Introduction
Document Status
The Diagnostics Agent troubleshooting guide used to be available as a PDF document. It is now replaced by this wiki page. In case the content of this page does not address your problem, please refer to the former PDF document, being still available as DiagnosticsAgentTroubleshooting.pdf attachement to SAP Note 1833501.
Diagnostics Agent Installer
For more general information on installation strategy, installer versions, etc., please refer to Diagnostics Agents.

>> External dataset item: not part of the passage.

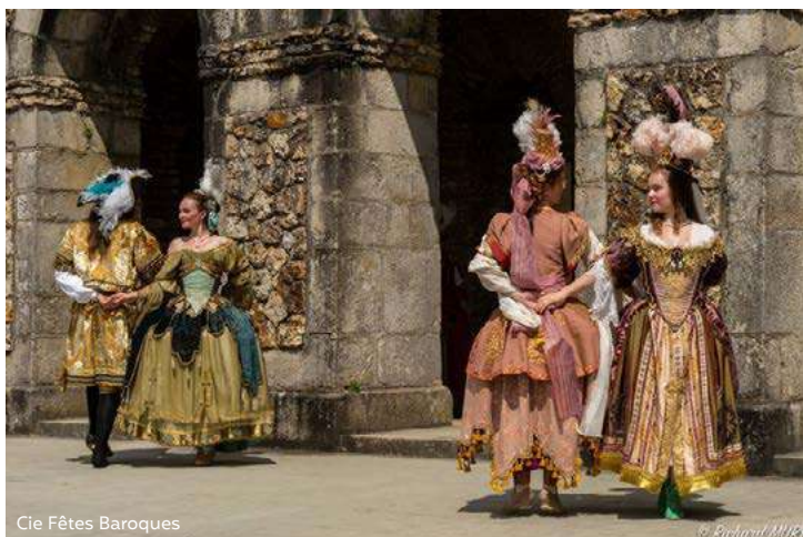
Cie Fêtes Baroques

Troubleshooting Resource Consumption and Booting Issues of the Diagnostics Agent
Verify the Prerequisites on the host
Verify the "Hosts File" format has correctly been define on the host impact following the Mandatory Standard. See https://wiki.scn.sap.com/wiki/x/i4IjIQ
Check OS Settings on Linux Hosts (ulimit and umask)
After the installation of the Diagnostics Agent on UNIX platforms, remind to double check the following OS environment settings for the Diagnostics Agent OS user (often daaadm):
ulimit
- Log on with the agent OS user, e.g.
su – daaadm
- Open an sh shell with the command
sh
- Execute the command
ulimit -a
Compare the values with the recommendedations in the Installation & Setup Guide for the most recent installer (see SAP Note 1833501).
If you change the limits, remember to stop the Diagnostics Agent (sapstop), kill the Diagnostics Agent processes (sapstartsrv) and start the Agent again (sapstart). In this way the Diagnostics Agent will take the new settings into account.
If the user’s limit parameters for the OS Diagnostics Agent user are not correct, high CPU consumption situations or out-of-memory errors can result.
umask
Please refer to SAP note 1163751.
Trigger Thread Dumps for Diagnostics Agents
It is important to do thread dumps of the Diagnostics Agent process, to understand the problem context in case of a deadlock, not responding Diagnostic Agent or a high CPU time consumption situation.
Trigger a Thread Dump on Windows
The Diagnostics Agent is an SAP system and available in SAP MMC.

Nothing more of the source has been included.